1896 edition of the World Allround Speed Skating Championships

The 1896 World Allround Speed Skating Championships took place at 7 and 8 February 1896 at the ice rink Joesoepovski Park in Saint Petersburg, Russia.
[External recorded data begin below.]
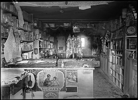 Vol avec effraction, vue intérieure du magasin, Grandcour, 25 mars 1907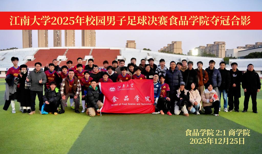 12月25日,2025年江南大学校园男子足球比赛(校长杯)大学院组决赛在江南大学体育中心举行,食品学院足球队以顽强的意志、精湛的技艺与默契的团队配合,历经鏖战,最终以2:1的比分战胜强劲对手,勇夺冠军!队员们用汗水与激情,展现食品学子团结拼搏、永不放弃的体育精神。这也是食品学院继2022年“校长杯”夺冠后,再次问鼎巅峰!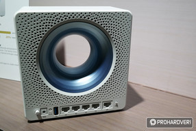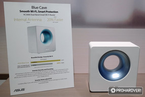 Végül az utolsó újdonságot egy szokatlan formatervű router, az ASUS Blue Cave jelenti. A Blue Cave ezúttal nem fantázianév, a készülék tényleg olyan, mintha fúrtak volna rá egy lyukat, amit aztán kék peremmel láttak el. Az útvonalválasztó egyébként nem egy hatalmas szerkezet, de a dizájntól eltekintve alapvetően egy közönséges AC2600-as router, hátoldalán négy gigabites Ethernet LAN porttal és egy gigabites WAN porttal, valamint USB 3.1 csatlakozóval.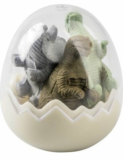 Een dino ei gevuld met 3 verschillende dino gummen. Afmeting ei: 4,5 x 4,5 cm.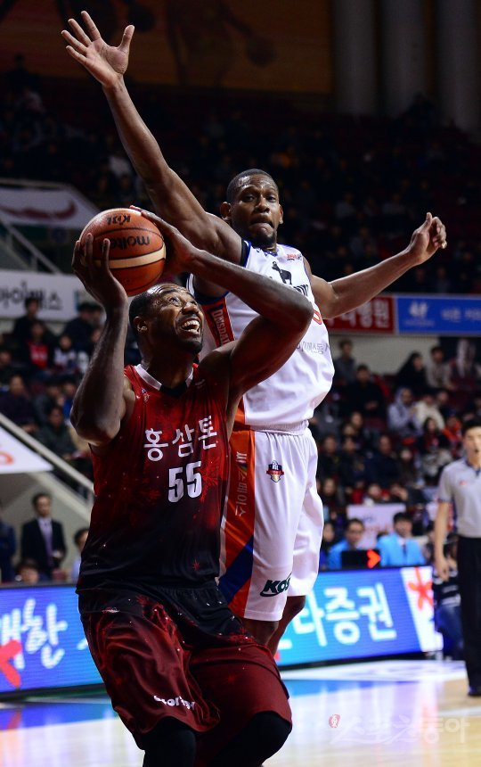 20일 안양실내체육관에서 열린 ‘2016~2017 KCC 프로농구’ 전자랜드와 KGC인삼공사 경기에서 KGC인삼공사 사이먼이 전자랜드 빅터의 수비를 뚫고 골밑을 공격하고 있다.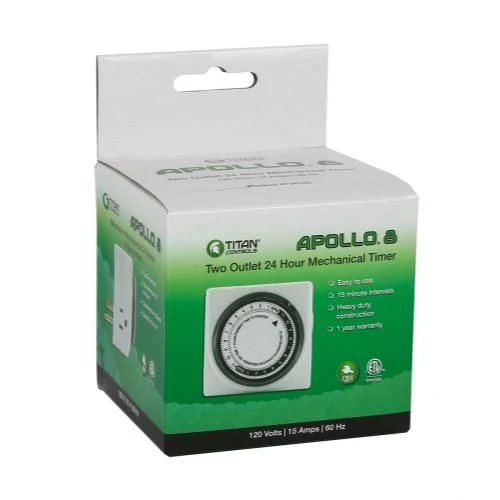 The The Dual Outlet – 24 hour programmable timer is the perfect timing solution for your high wattage lighting or hydro systems. With two outlets and a 15 amp capacity, it’s easy to set to run CO2 systems, pumps, fans, ozone generators, etc. and the 15A/1800W capacity means you can use it to control lighting systems as well. The The Dual Outlet Analog Timer has 96 non-detachable 15 minute trippers and can be configured in numerous timing schedules to meet the most demanding timing requirements. It also features a manual on/off override switch. These timers are grounded and extremely easy to use with most indoor appliances.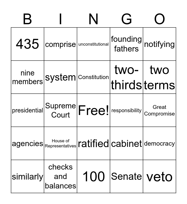 This bingo card has a free space and 32 words: Senate, senators, Supreme Court, justices, agencies, system, notifying, democracy, comprise, population, Constitution, unconstitutional, nominate, limitation, responsibility, impeachment, similarly, presidential, ratified, House of Representatives, cabinet, legislation, Great Compromise, checks and balances, veto, founding fathers, two-thirds, nine members, 435, 100, pardon and two terms.

Jaap Eden was the defending champion, he extended his title by winning all four distances.

== Allround results ==
| Place | Athlete | Country | 500m | 5000m | 1500m | 10000m |
| 1 | Jaap Eden | NED | 50.2 (1) | 9:03.2 (1) | 2:36.2 (1) | 18:52.4 (1) |
| NC2 | Gustaf Estlander | Finland | 53.8 (3) | 9:42.4 (2) | 2:44.2 (2) | 19:57.4 (2) |
| NC3 | Johan Wink | Finland | 55.0 (7) | 9:48.6 (3) | 2:54.4 (6) | 20:12.2 (3) |
| NC4 | Nikolay Fyodorov | RUS | 1:00.8 (10) | 11:01.2 (8) | 3:12.6 (11) | 23:11.6 (5) |
| NC | N. Obukhov | RUS | 58.8 (9) | 10:59.0 (7) | 3:08.2 (10) | NF |
| NC | Sergey Muller | RUS | 54.2 (4) | 10:03.2 (4) | 2:49.2 (4) | NS |
| NC | V. Gumbin | RUS | 1:03.2 (11) | 11:19.8 (9) | 3:18.2 (12) | NS |
| NC | A. Nikolayev | RUS | 56.6 (8) | NS | NF | NS |
| NC | Eduard Vollenveyder | RUS | 54.6 (5) | NS | NS | NS |
| NC | Aleksandr Papikin | RUS | 52.8 (2) | NS | 2:54.4 (6) | NS |
| NC | Pyotr Kusminski | RUS | 54.8 (6) | NS | 2:53.2 (5) | NS |
| NC | M. Pfeffer | RUS | NF | 10:48.0 (6) | 3:02.6 (9) | NS |
| NC | Julius Seyler | German Empire | NS | NS | 2:44.2 (2) | NS |
| NC | H. Roos | RUS | NS | 10:12.6 (5) | 2:56.0 (8) | 21:05.6 (4) |
  * = Fell
 NC = Not classified
 NF = Not finished
 NS = Not started
 DQ = Disqualified
Source: SpeedSkatingStats.com

== Rules ==
Four distances had to be skated: 500, 1500, 5000 and 10,000 m. One could earn the world title only by winning at least three of the four distances, otherwise the title would become vacant. Silver and bronze medals were not awarded.